Jill just smiled that smile and her full red glossed lips confirmed my inferiority. "Honey," she continued, "Carl and I are heading for Vegas and we won't be back until Sunday evening. I have a sitter booked for tonight and tomorrow, including Saturday night as well, so the girls will be okay. I'll ring you form the hotel once we've settled and let you know what's happening, that is... if I can get the big guy to leave me alone for a few moments." She giggled. "But you know Carl, he's insatiable! So I might get a bit distracted, but I promise to ring you sometime honey." Jill smirked, leaned into the shower stall and sloppy kissed her husband's cheek leaving two perfect imprints of gloss lips, then turned on her heels and strode noisily from the room; her amazing frill hemmed bum swayed to some unheard twenties jazz theme.

That's when I finally understood it. Jack loved what his teasing wife was doing; his frantic breathing and now very apparent full-on arousal hiding beneath his hands told me exactly what was going on!
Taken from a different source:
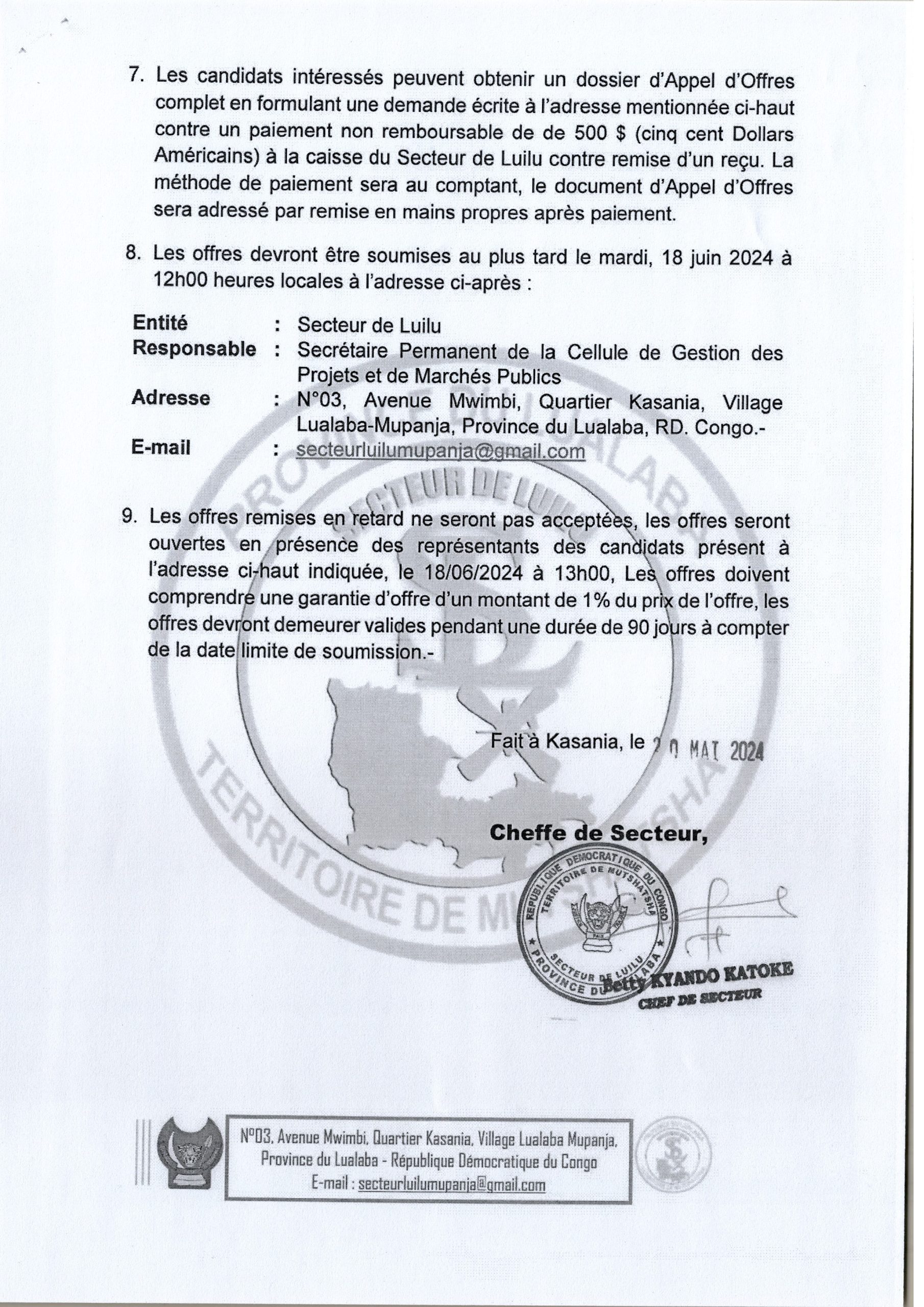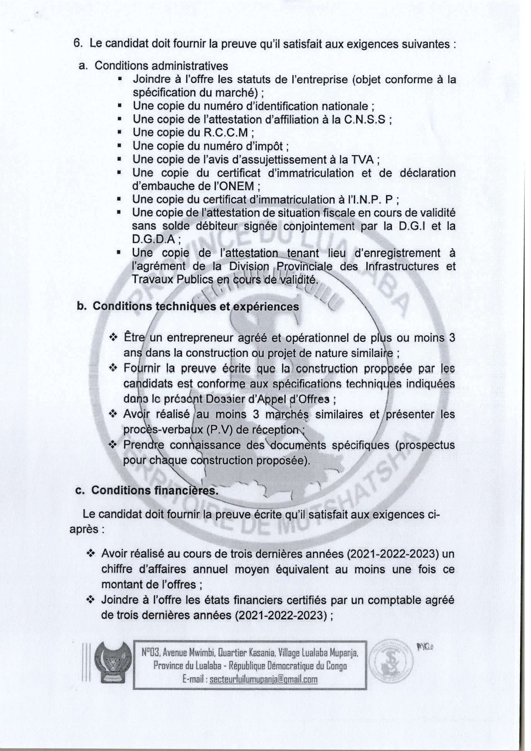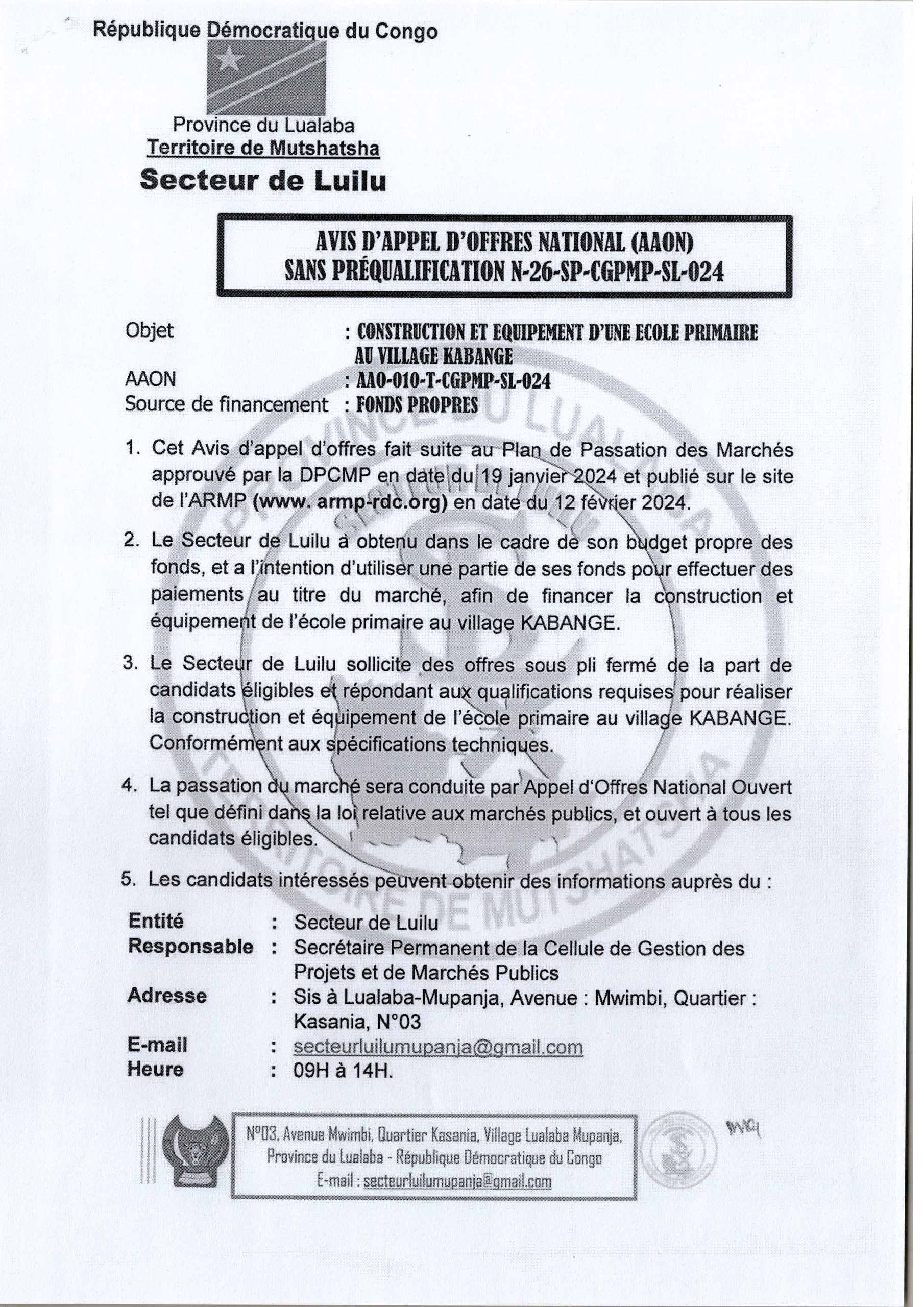 AVIS D’APPEL D’OFFRES NATIONAL SANS PRÉ-QUALIFICATION RELATIF AU MARCHÉ DE CONSTRUCTION ET ÉQUIPEMENT D’UNE ÉCOLE PRIMAIRE AU VILLAGE KABANGE.

"So, you like it when she teases you?" I continued spraying his body with the shower head, only aiming lower. "It gets you off when your wife tells you she's about to sleep with her lover." I slapped the hands away and gently caressed him. Jack groaned and nodded, his eyes flickering shut.

If he wasn't confined to the shower chair I reckoned he'd have fallen to his knees. "You love her so much, and yet she flaunts her lover in front of you, knowing you get off on it." Jack wailed out in frustration, and pounded his palm into the shower wall... his pleasure denying him.